Quote every line of the data below as it stands, omitting pictures.

Segment Start: Information provided

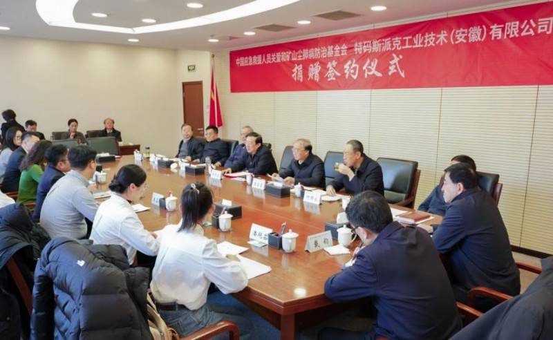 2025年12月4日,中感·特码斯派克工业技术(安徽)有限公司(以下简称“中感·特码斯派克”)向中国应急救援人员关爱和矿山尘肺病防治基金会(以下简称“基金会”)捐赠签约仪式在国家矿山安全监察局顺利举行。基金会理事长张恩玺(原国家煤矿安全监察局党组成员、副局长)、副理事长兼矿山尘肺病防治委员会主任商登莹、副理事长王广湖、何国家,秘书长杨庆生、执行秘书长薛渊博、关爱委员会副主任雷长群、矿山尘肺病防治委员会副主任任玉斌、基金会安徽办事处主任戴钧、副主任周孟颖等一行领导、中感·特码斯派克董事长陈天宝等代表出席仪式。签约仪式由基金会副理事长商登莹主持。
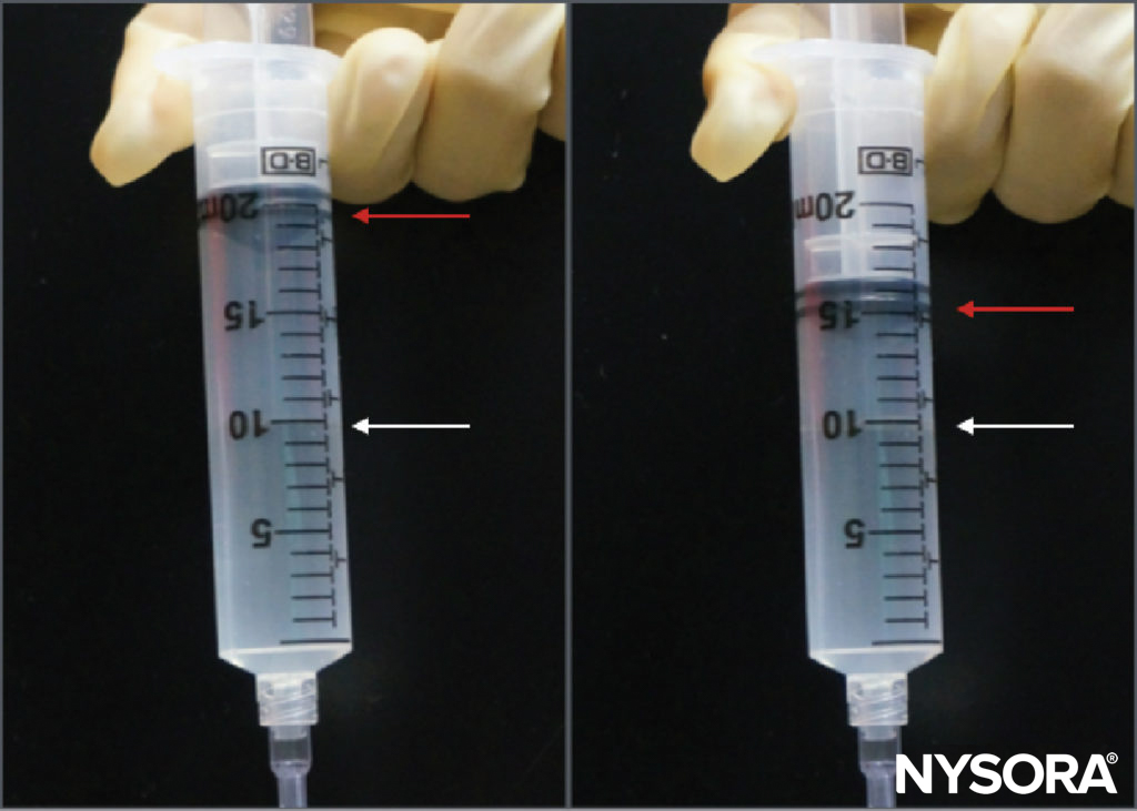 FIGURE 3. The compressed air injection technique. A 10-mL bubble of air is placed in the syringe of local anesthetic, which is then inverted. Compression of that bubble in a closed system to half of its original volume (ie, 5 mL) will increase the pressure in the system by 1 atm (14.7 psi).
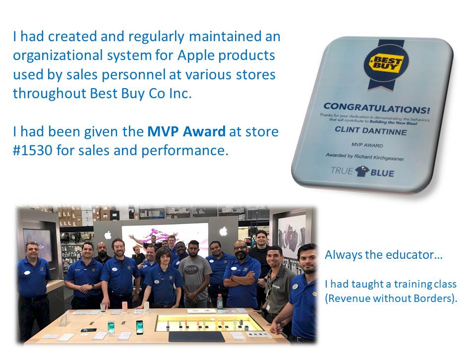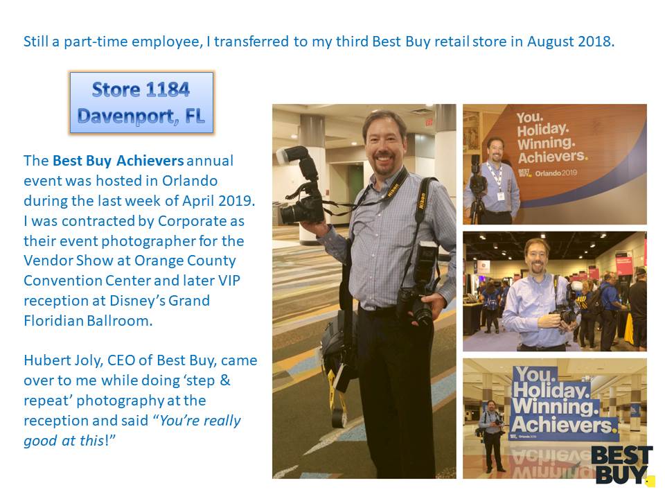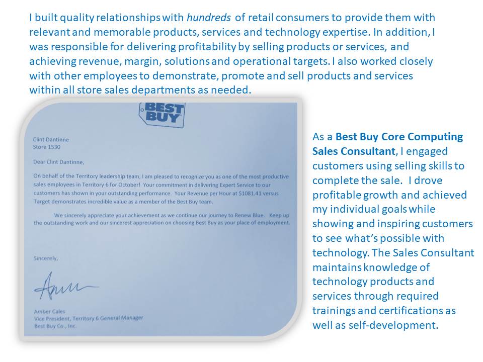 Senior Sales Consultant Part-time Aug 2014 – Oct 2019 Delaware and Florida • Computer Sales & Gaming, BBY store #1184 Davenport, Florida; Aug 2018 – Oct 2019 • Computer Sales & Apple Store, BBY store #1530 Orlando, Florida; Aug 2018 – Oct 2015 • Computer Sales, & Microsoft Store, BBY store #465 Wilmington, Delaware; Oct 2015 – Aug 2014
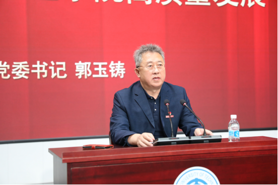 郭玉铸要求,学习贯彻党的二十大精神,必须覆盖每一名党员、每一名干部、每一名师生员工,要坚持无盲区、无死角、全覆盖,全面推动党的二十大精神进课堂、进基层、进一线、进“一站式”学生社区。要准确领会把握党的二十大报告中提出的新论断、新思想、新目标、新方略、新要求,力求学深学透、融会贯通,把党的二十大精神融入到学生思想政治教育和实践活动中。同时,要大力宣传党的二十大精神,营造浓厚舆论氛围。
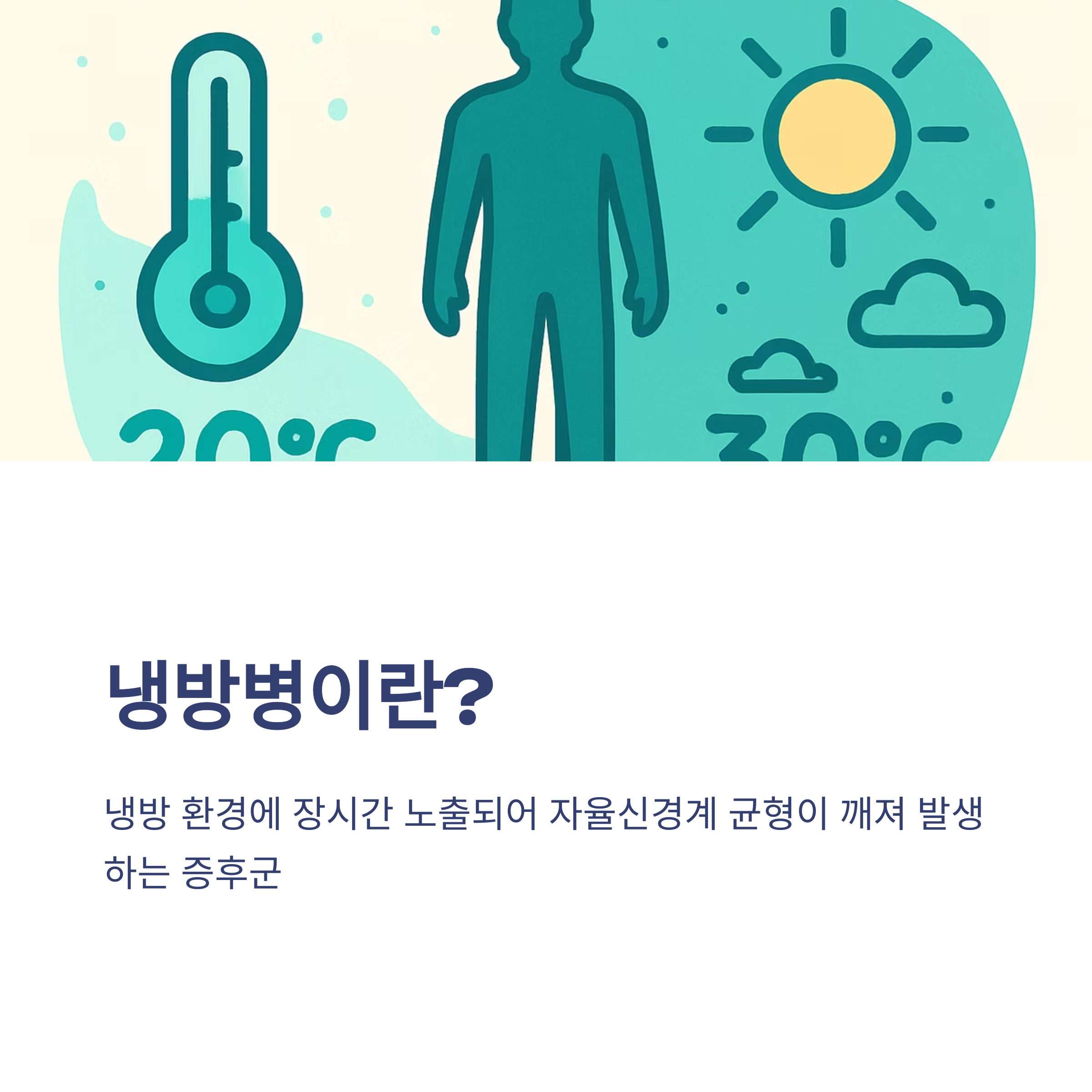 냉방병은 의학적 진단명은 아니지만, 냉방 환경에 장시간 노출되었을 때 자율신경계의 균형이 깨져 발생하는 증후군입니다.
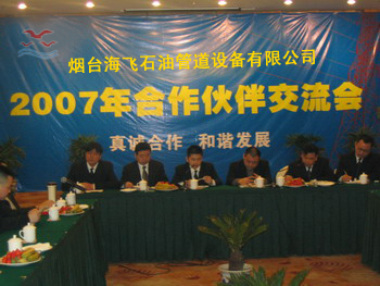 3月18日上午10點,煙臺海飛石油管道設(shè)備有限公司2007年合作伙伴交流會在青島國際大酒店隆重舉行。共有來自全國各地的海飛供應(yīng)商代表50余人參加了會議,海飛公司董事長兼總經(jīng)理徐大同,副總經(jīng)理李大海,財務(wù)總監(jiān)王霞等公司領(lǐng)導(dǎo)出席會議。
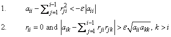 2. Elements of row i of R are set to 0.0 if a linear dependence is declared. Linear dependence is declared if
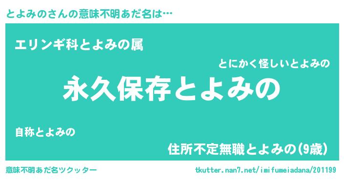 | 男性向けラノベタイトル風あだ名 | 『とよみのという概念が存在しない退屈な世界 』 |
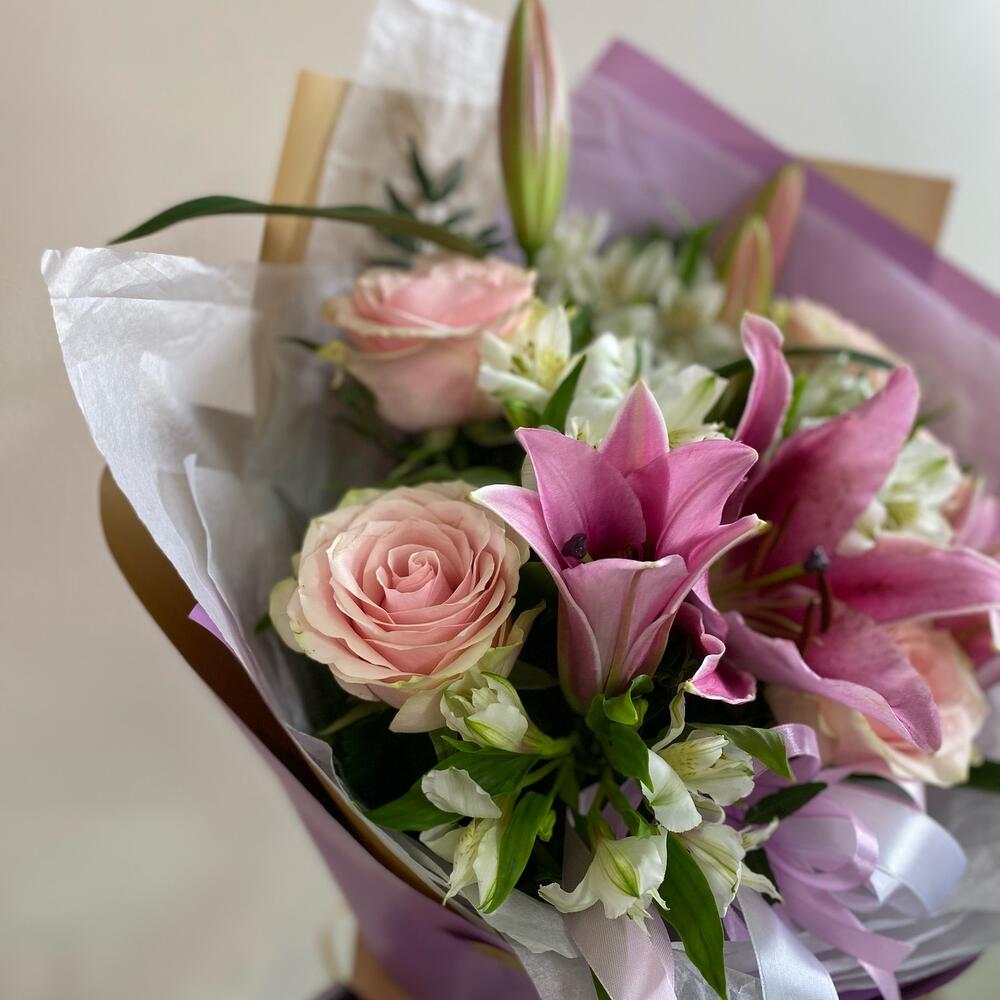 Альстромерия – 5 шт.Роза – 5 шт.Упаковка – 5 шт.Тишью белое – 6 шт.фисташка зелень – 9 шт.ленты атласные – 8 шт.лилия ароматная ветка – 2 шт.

Segment End: Information provided

• [Task solution]:
 2025年12月4日,中感·特码斯派克工业技术(安徽)有限公司(以下简称“中感·特码斯派克”)向中国应急救援人员关爱和矿山尘肺病防治基金会(以下简称“基金会”)捐赠签约仪式在国家矿山安全监察局顺利举行。基金会理事长张恩玺(原国家煤矿安全监察局党组成员、副局长)、副理事长兼矿山尘肺病防治委员会主任商登莹、副理事长王广湖、何国家,秘书长杨庆生、执行秘书长薛渊博、关爱委员会副主任雷长群、矿山尘肺病防治委员会副主任任玉斌、基金会安徽办事处主任戴钧、副主任周孟颖等一行领导、中感·特码斯派克董事长陈天宝等代表出席仪式。签约仪式由基金会副理事长商登莹主持。
 FIGURE 3. The compressed air injection technique. A 10-mL bubble of air is placed in the syringe of local anesthetic, which is then inverted. Compression of that bubble in a closed system to half of its original volume (ie, 5 mL) will increase the pressure in the system by 1 atm (14.7 psi).
 Senior Sales Consultant Part-time Aug 2014 – Oct 2019 Delaware and Florida • Computer Sales & Gaming, BBY store #1184 Davenport, Florida; Aug 2018 – Oct 2019 • Computer Sales & Apple Store, BBY store #1530 Orlando, Florida; Aug 2018 – Oct 2015 • Computer Sales, & Microsoft Store, BBY store #465 Wilmington, Delaware; Oct 2015 – Aug 2014
 郭玉铸要求,学习贯彻党的二十大精神,必须覆盖每一名党员、每一名干部、每一名师生员工,要坚持无盲区、无死角、全覆盖,全面推动党的二十大精神进课堂、进基层、进一线、进“一站式”学生社区。要准确领会把握党的二十大报告中提出的新论断、新思想、新目标、新方略、新要求,力求学深学透、融会贯通,把党的二十大精神融入到学生思想政治教育和实践活动中。同时,要大力宣传党的二十大精神,营造浓厚舆论氛围。
 냉방병은 의학적 진단명은 아니지만, 냉방 환경에 장시간 노출되었을 때 자율신경계의 균형이 깨져 발생하는 증후군입니다.
 3月18日上午10點,煙臺海飛石油管道設(shè)備有限公司2007年合作伙伴交流會在青島國際大酒店隆重舉行。共有來自全國各地的海飛供應(yīng)商代表50余人參加了會議,海飛公司董事長兼總經(jīng)理徐大同,副總經(jīng)理李大海,財務(wù)總監(jiān)王霞等公司領(lǐng)導(dǎo)出席會議。
 2. Elements of row i of R are set to 0.0 if a linear dependence is declared. Linear dependence is declared if
 | 男性向けラノベタイトル風あだ名 | 『とよみのという概念が存在しない退屈な世界 』 |
 Альстромерия – 5 шт.Роза – 5 шт.Упаковка – 5 шт.Тишью белое – 6 шт.фисташка зелень – 9 шт.ленты атласные – 8 шт.лилия ароматная ветка – 2 шт.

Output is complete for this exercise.